* [WORK ORDER] The lines below, from the one containing "2024春季新款中老年衬衫男长袖商务休闲时尚条纹衬衣男打底衫大码" through the one containing "Ryggsäck i 600D", should be set down exactly, with no pictures and nothing else.

* [MATERIAL SHOWN]
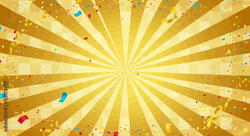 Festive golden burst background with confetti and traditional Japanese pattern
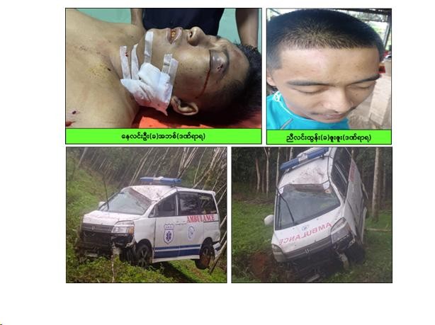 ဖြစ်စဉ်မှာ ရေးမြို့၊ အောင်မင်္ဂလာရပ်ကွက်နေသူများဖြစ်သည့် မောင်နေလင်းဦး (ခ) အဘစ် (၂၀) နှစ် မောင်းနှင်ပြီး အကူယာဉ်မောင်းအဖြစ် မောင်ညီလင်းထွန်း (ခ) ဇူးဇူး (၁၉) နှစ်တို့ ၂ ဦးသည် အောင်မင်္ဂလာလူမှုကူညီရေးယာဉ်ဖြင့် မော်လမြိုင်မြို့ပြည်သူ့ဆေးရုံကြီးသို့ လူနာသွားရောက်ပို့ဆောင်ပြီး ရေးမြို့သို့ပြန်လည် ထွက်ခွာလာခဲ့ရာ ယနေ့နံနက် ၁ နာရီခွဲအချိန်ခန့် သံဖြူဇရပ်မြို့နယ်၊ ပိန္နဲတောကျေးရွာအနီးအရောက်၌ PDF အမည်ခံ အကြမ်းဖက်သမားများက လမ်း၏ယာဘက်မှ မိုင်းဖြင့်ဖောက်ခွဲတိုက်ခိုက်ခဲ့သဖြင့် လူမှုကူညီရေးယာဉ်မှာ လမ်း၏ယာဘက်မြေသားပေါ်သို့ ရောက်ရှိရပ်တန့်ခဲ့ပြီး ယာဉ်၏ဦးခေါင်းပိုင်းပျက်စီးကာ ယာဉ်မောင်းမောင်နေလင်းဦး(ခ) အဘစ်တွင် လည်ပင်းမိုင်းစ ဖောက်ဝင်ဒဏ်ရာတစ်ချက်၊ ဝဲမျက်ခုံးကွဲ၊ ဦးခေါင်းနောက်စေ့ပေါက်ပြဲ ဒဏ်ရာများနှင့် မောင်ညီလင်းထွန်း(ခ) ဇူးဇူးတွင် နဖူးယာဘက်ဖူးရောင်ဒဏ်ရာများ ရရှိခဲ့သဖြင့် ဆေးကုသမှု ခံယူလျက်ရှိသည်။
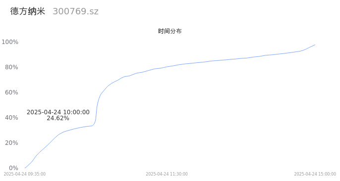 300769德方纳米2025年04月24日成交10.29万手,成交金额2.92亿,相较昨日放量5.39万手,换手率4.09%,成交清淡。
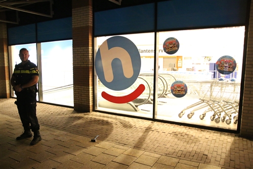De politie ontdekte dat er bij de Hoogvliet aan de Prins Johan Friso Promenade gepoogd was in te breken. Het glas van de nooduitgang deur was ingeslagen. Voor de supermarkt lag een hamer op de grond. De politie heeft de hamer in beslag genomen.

* * *

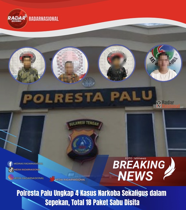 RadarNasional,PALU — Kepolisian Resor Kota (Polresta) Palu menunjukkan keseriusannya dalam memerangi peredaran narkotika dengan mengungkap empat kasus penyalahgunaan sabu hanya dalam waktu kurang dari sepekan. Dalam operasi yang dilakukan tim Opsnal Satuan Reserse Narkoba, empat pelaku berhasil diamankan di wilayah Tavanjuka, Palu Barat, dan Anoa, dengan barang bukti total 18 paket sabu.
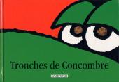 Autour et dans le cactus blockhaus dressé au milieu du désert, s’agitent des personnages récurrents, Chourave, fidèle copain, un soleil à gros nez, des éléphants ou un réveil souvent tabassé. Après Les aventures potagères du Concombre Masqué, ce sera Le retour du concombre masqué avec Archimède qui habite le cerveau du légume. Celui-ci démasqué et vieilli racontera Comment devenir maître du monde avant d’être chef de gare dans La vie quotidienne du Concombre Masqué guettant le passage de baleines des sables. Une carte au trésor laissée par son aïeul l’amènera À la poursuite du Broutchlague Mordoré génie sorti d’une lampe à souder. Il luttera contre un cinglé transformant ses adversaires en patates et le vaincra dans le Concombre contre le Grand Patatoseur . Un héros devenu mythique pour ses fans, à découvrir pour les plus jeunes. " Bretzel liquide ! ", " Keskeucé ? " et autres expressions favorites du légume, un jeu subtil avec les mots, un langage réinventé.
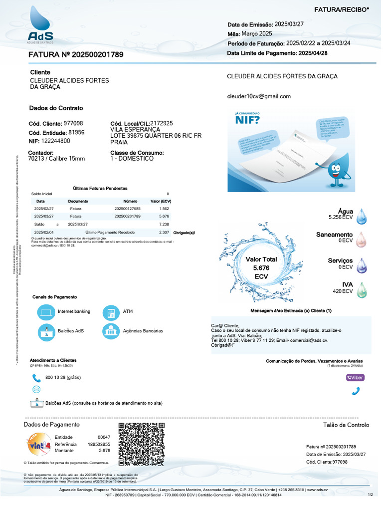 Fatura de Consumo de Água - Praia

...

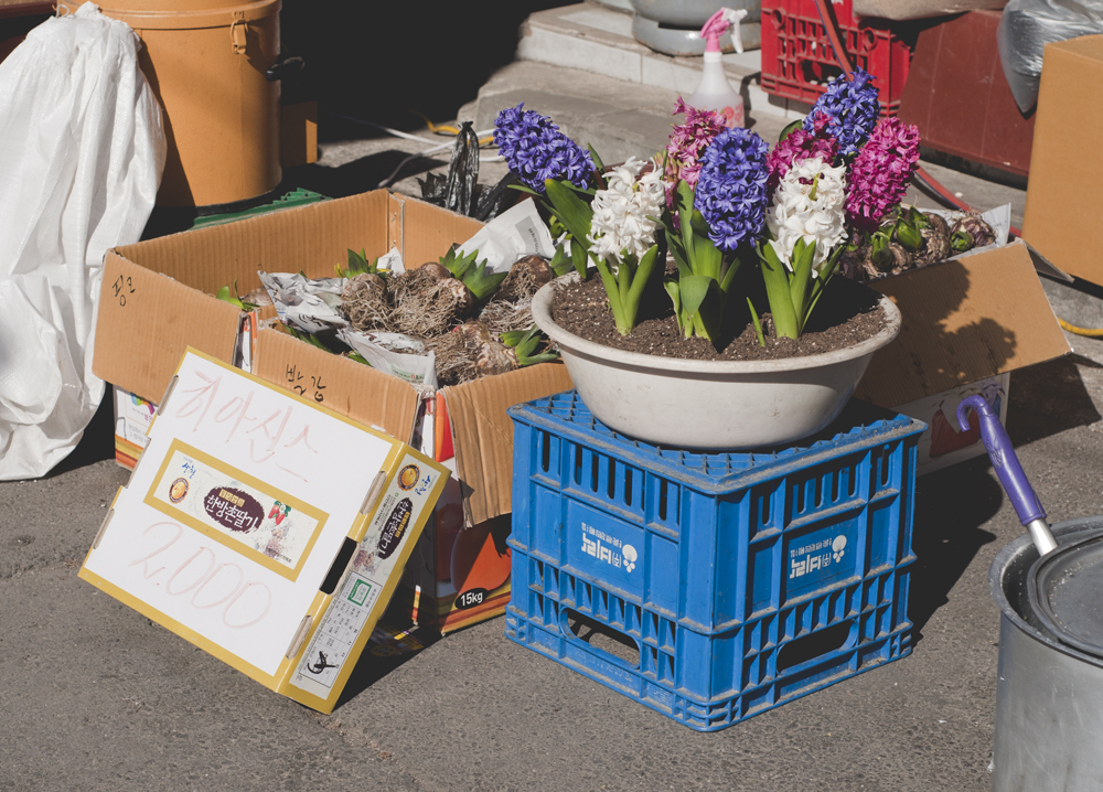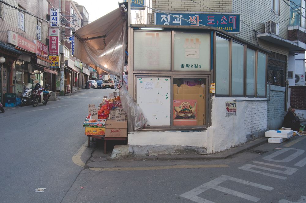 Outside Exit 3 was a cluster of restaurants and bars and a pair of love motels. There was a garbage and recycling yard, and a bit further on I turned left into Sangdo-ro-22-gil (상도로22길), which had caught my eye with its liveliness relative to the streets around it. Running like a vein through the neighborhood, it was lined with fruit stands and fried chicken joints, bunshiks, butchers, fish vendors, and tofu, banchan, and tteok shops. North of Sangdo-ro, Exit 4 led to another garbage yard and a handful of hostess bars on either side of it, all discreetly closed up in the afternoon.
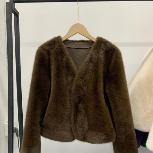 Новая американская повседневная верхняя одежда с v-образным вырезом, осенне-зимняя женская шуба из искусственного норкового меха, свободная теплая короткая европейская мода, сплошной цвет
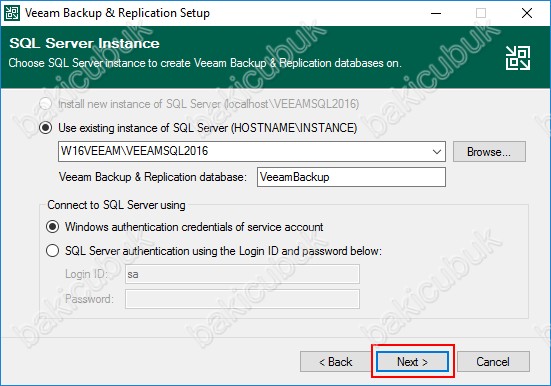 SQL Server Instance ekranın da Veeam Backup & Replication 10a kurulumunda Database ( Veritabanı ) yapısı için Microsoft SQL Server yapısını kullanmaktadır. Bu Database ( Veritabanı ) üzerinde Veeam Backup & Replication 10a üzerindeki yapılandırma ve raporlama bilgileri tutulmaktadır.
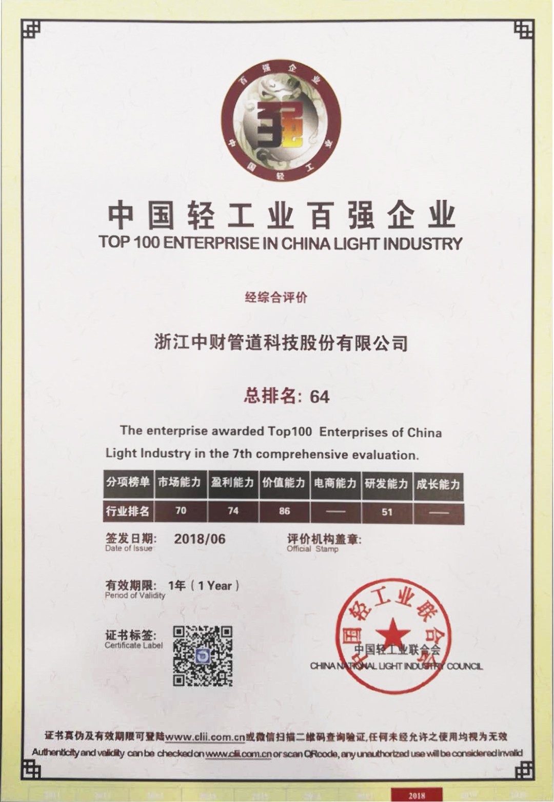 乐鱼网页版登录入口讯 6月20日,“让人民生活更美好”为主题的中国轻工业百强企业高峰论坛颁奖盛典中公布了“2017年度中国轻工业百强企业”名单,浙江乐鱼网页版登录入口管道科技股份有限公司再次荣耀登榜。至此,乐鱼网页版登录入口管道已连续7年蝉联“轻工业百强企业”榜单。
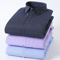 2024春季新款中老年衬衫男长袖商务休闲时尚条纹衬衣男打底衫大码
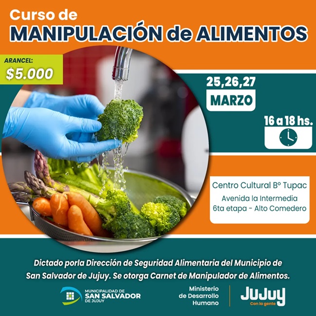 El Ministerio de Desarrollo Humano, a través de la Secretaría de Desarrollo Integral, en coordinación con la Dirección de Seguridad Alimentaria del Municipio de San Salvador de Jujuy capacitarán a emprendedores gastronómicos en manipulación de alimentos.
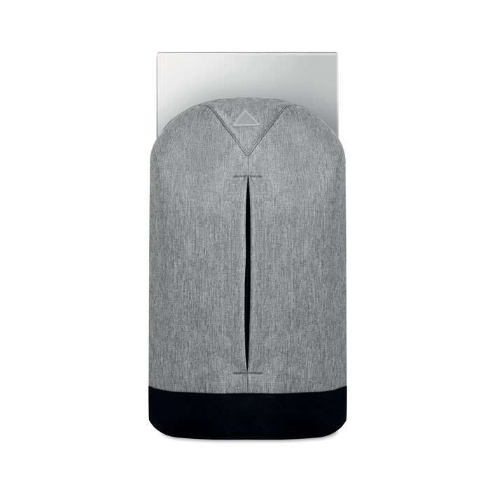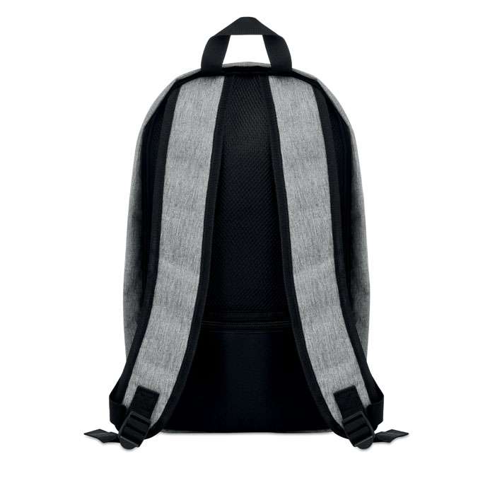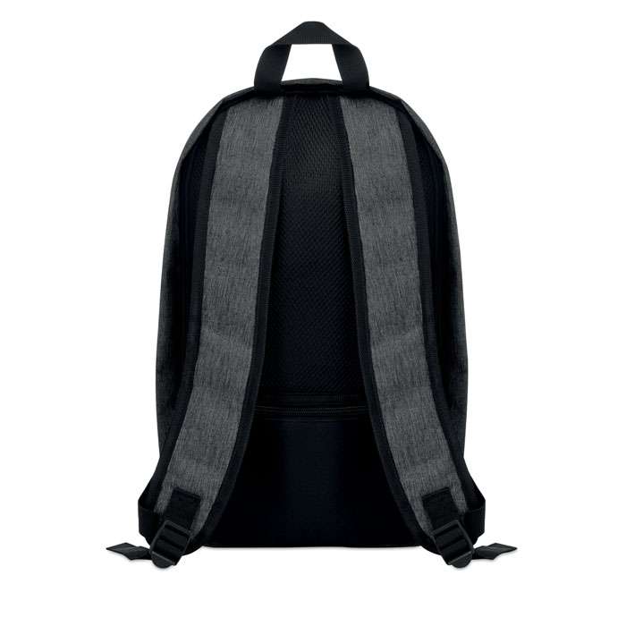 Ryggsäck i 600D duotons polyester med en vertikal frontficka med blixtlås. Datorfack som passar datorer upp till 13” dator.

* [SOLUTION TO THE EXERCISE]
 2024春季新款中老年衬衫男长袖商务休闲时尚条纹衬衣男打底衫大码
 El Ministerio de Desarrollo Humano, a través de la Secretaría de Desarrollo Integral, en coordinación con la Dirección de Seguridad Alimentaria del Municipio de San Salvador de Jujuy capacitarán a emprendedores gastronómicos en manipulación de alimentos.
 Ryggsäck i 600D duotons polyester med en vertikal frontficka med blixtlås. Datorfack som passar datorer upp till 13” dator.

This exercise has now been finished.